Use categoricals for recurring strings (but note that it may not be worth it if there’s not much repetition).
Only select the columns you need.

Tip

If your colleagues are happy with CSVs and can’t be convinced to use something else, tell them that the Modern Polars book says they should feel bad.

These are basically the same rules you’d follow when using Pandas, except for the one about the lazy API. Now for some comparisons between the performance of idiomatic Pandas and Polars.

3.2 Polars is faster at the boring stuff

Here we’ll clean up a messy dataset, kindly provided by Kaggle user Rachit Toshniwal as a deliberate example of a really crap CSV. Most of the cleanup involves extracting numeric data from awkward strings.

Also, the data is too small so I’ve concatenated it to itself 20 times. We’re not doing anything that will care about the duplication. Here’s how the raw table looks:

Code

import pandas as pd
pd.read_csv("../data/fifa21_raw_big.csv", dtype="string", nrows=2)

	ID	Name	LongName	photoUrl	playerUrl	Nationality	Age	↓OVA	POT	Club	...	A/W	D/W	IR	PAC	SHO	PAS	DRI	DEF	PHY	Hits
0	158023	L. Messi	Lionel Messi	https://cdn.sofifa.com/players/158/023/21_60.png	http://sofifa.com/player/158023/lionel-messi/2...	Argentina	33	93	93	FC Barcelona	...	Medium	Low	5 ★	85	92	91	95	38	65	771
1	20801	Cristiano Ronaldo	C. Ronaldo dos Santos Aveiro	https://cdn.sofifa.com/players/020/801/21_60.png	http://sofifa.com/player/20801/c-ronaldo-dos-s...	Portugal	35	92	92	Juventus	...	High	Low	5 ★	89	93	81	89	35	77	562

2 rows × 77 columns

For this exercise we’ll assume we want to make use of all the columns.

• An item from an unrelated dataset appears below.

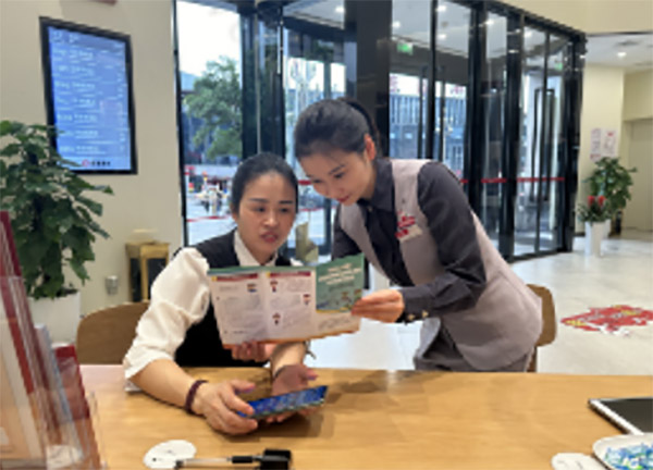 向等候辦理業(yè)務(wù)的客戶宣傳相關(guān)政策。招行重慶分行供圖

First some boilerplate where we map out the different data types:

Code

import pandas as pd
import polars as pl
import numpy as np
import math
str_cols = [
    "Name",
    "LongName",
    "playerUrl",
    "photoUrl",
]
initial_category_cols_pl = [
    "Nationality",
    "Preferred Foot",
    "Best Position",
    "A/W",
    "D/W"
]
category_cols = [*initial_category_cols_pl, "Club"]
date_cols = [
    "Joined",
    "Loan Date End"
]
# these all start with the euro symbol and end with 0, M or K
money_cols = [
    "Value",
    "Wage",
    "Release Clause"
]
star_cols = [
    "W/F",
    "SM",
    "IR",
]
# Contract col is a range of years
# Positions is a list of positions
# Height is in cm
# Weight is in kg
# Hits is numbers with K and M 
messy_cols = [
    "Contract",
    "Positions",
    "Height",
    "Weight",
    "Hits"
]
initially_str_cols = str_cols + date_cols + money_cols + star_cols + messy_cols
initially_str_cols_pl = [*initially_str_cols, "Club"]
u32_cols = [
    "ID",
    "Total Stats"
]
u8_cols = [
    'Age',
    '↓OVA',
    'POT',
    'BOV',
    'Crossing',
    'Finishing',
    'Heading Accuracy',
    'Short Passing',
    'Volleys',
    'Dribbling',
    'Curve',
    'FK Accuracy',
    'Long Passing',
    'Ball Control',
    'Acceleration',
    'Sprint Speed',
    'Agility',
    'Reactions',
    'Balance',
    'Shot Power',
    'Jumping',
    'Stamina',
    'Strength',
    'Long Shots',
    'Aggression',
    'Interceptions',
    'Positioning',
    'Vision',
    'Penalties',
    'Composure',
    'Marking',
    'Standing Tackle',
    'Sliding Tackle',
    'GK Diving',
    'GK Handling',
    'GK Kicking',
    'GK Positioning',
    'GK Reflexes',
    'PAC',
    'SHO',
    'PAS',
    'DRI',
    'DEF',
    'PHY'
]

u16_cols = [
    'Attacking',
    'Skill',
    'Movement',
    'Power',
    'Mentality',
    'Defending',
    'Goalkeeping',
    'Total Stats',
    'Base Stats'
]

3.2.1 Dtypes

Here are the initial dtypes for the two dataframes:

Polars
Pandas

# can't use UInt8/16 in scan_csv
dtypes_pl = (
    {col: pl.Utf8 for col in initially_str_cols_pl}
    | {col: pl.Categorical for col in initial_category_cols_pl}
    | {col: pl.UInt32 for col in [*u32_cols, *u16_cols, *u8_cols]}
)

dtypes_pd = (
    {col: pd.StringDtype() for col in initially_str_cols}
    | {col: pd.CategoricalDtype() for col in category_cols}
    | {col: "uint32" for col in u32_cols}
    | {col: "uint8" for col in u8_cols}
    | {col: "uint16" for col in u16_cols}
)

One thing I’ll note here is that Pandas numeric types are somewhat confusing: "uint32" means np.uint32 which is not the same thing as pd.UInt32Dtype(). Only the latter is nullable. On the other hand, Polars has just one unsigned 32-bit integer type, and it’s nullable.

Tip

Polars expressions have a shrink_dtype method that can be more convenient than manually specifying the dtypes yourself. It’s not magic though, and it has to spend time finding the min and max of the column.

3.2.2 Data cleaning

There’s not much that you haven’t seen here already, so we won’t explain the code line by line. The main new thing here is pl.when for ternary expressions.

Polars
Pandas

def parse_date_pl(col: pl.Expr) -> pl.Expr:
    return col.str.strptime(pl.Date, format="%b %d, %Y")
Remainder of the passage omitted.